On 9th December the government published draft legislation to extend reliefs from the 15% SDLT rate and ATED together with a policy paper. These documents are available here. The extended reliefs will apply as follows:
Presently, relief from the 15% SDLT rate and ATED is available where a dwelling is to be occupied by an employee of a trade, subject to certain conditions being satisfied. This relief is to be extended to apply in respect of employees of a qualifying property rental business.
A new relief from both the 15% SDLT rate and ATED is to apply where a dwelling is occupied by a person employed as a caretaker in a building of multiple occupancy, such as a block of flats.
A new relief from the 15% SDLT rate and ATED is to apply where an interest in a property is held exclusively for the purpose of an equity release scheme where the activity is regulated by the Financial Conduct Authority.
A new relief from the 15% SDLT rate will apply where a business purchases a property either for demolition or conversion for non residential use. This relief will be withdrawn if, within a period of three years from the effective date of the transaction, demolition or conversion has not begun or the property is used as a dwelling.
The above reliefs are to apply with effect from 1st April 2016, so anyone seeking to take advantage will need to ensure that the effective date of the transaction does not arise before that date.
With regard to the new additional rate of SDLT on second homes, which is to apply with effect from 1st April 2016:
The policy paper published on 9th December states that draft legislation will be published for consultation in January 2016.

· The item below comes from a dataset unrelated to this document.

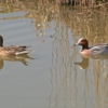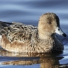 Anas penelope or European Widgeon Ducks are patterned ducks. Males sport an array of dramatic and fine stippling and striking stripes. The male European Widgeon has a chestnut head with a contrasting powder blue bill with a black tip. The breast is a rosy mauve, and the rest of the body is gray and dark brown with striking black and white highlights. The female European Widgeon is mottled in camouflaging browns and grays. When not in breeding plumage, the male looks similar to the female.
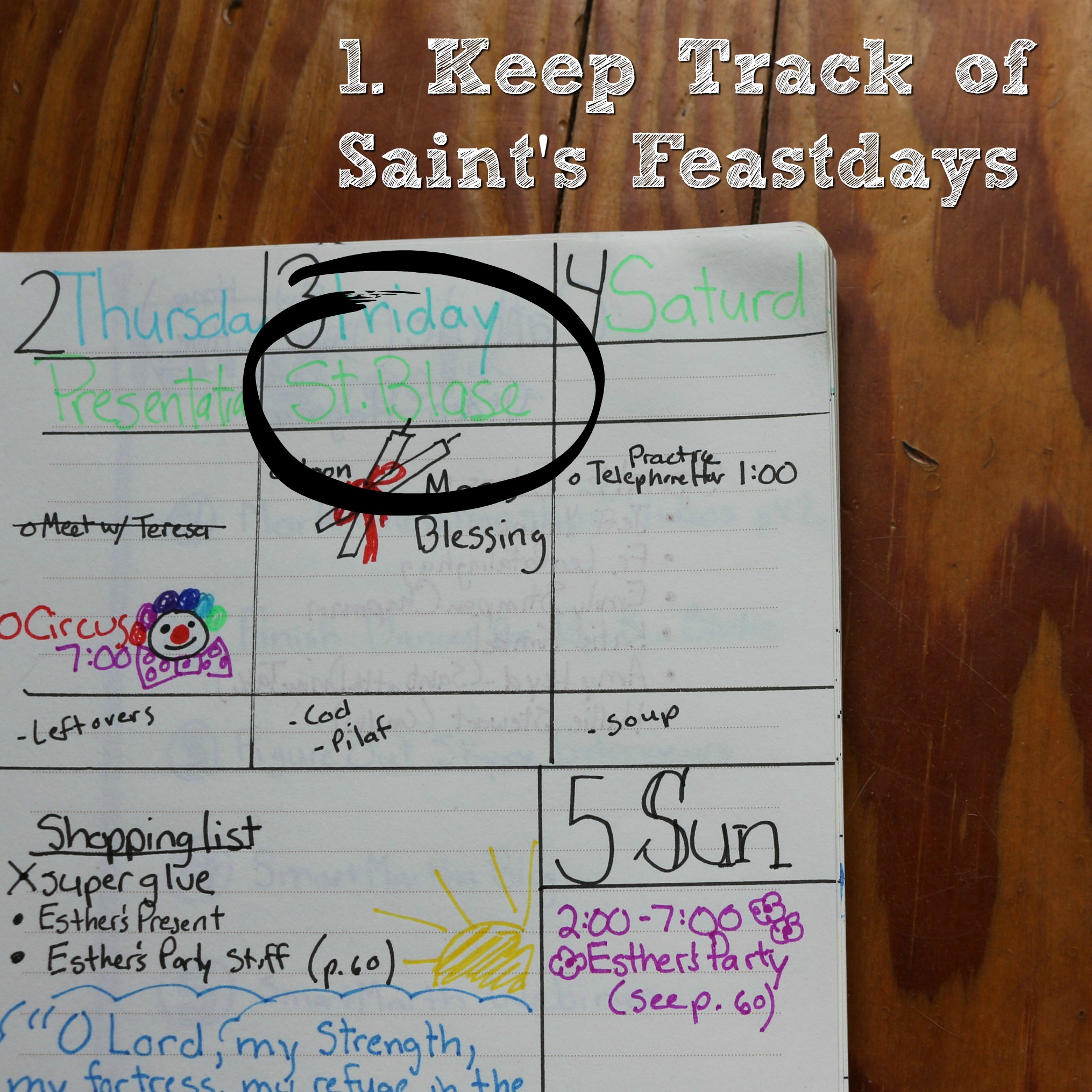 Another way I use my bullet journal in a Catholic way is to keep track of the feast days. It's not that I always get around to celebrating them, but at least I can easily see that a feast day is coming. And if we are too busy that day for our family to even say a prayer together to St. Scholastica, I can remember to pray to her throughout my day begging for her intercession as I am referring to my bullet journal. On my website, I've included a complete list of these Catholic bullet journal ideas.

In answer to a question put to the Chancellor of the Exchequer, Mr David Gauke, the Financial Secretary to the Treasury, responded that foreign investors and non UK domiciliaries are to be treated in exactly the same way as UK residents and that if purchasers of residential property in the UK own another property anywhere else in the world and are purchasing an additional property in England, Wales or Northern Ireland, they will be charged the additional rate.